The 2021 EU-Belarus border crisis was preceded by a rapid deterioration of the already strained European Union (EU)-Belarus relations, in most part due to the Ryanair 4978 incident and the concomitant wide-ranging sanctions imposed by the EU on the authoritarian government of the Belarusian President Alexander Lukashenko, who has often been referred by the media as “Europe’s last dictator.” What followed has been the creation of an artificial “influx” of migrants by the Lukashenko government, being pushed toward the neighboring borders of Poland, Lithuania and Latvia. Since June 2021, the Belarusian government has been facilitating the journeys of refugees and asylum seekers to Minsk, encouraging and navigating them to cross into the three neighboring countries by foot. As a result, migrants are currently being violently pushed back and forth in no man’s land by border guards, perishing in sub-zero temperatures with no food, no water and no assistance from any humanitarian organization, unable to claim asylum or find refuge. According to reports, 7 migrants have died, at least 2 reportedly due to hypothermia and exposure to other elements. This rapidly escalating “crisis” unfolding at the Belarusian border has further accelerated the militarization and securitization of migration in the EU, irrevocably polluting the discourse. This “influx” manufactured by Lukashenko and the extreme responses of the destination states have triggered a chain of events that is moving EU further toward the complete militarization of borders.  

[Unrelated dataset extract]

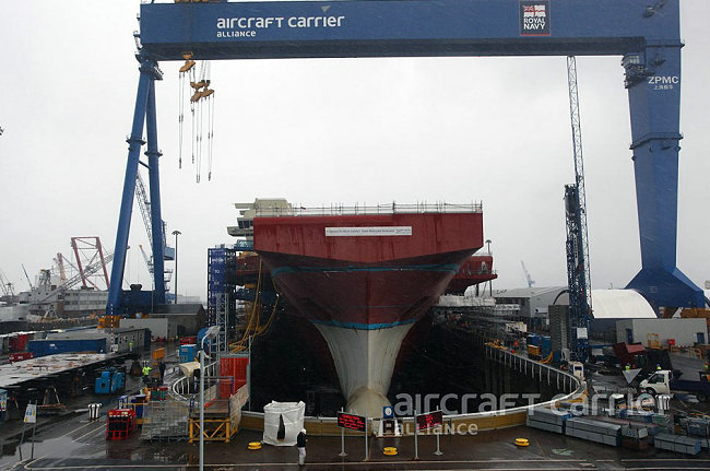 英國政府動用全國6大造船基地分別制造船體的8000噸重的模塊。船體的各部分先在海岸邊的船塢建造,然后由拖船將其拖到最后的拼裝船塢進行組裝。這種建造航母的方法看起來有些像小孩子玩了搭積木的游戲。

This not the first-time migrants have been instrumentalized to organize an “influx” for the end-goal of obtaining concessions or achieving political, military and/or economic objectives (e.g., 2020 EU-Turkey border crisis). However, the discourse surrounding the current crisis has somewhat been unique in its overt militarizing language referring to migrants as a “military tool” in Lukashenko’s “hybrid warfare” against the EU.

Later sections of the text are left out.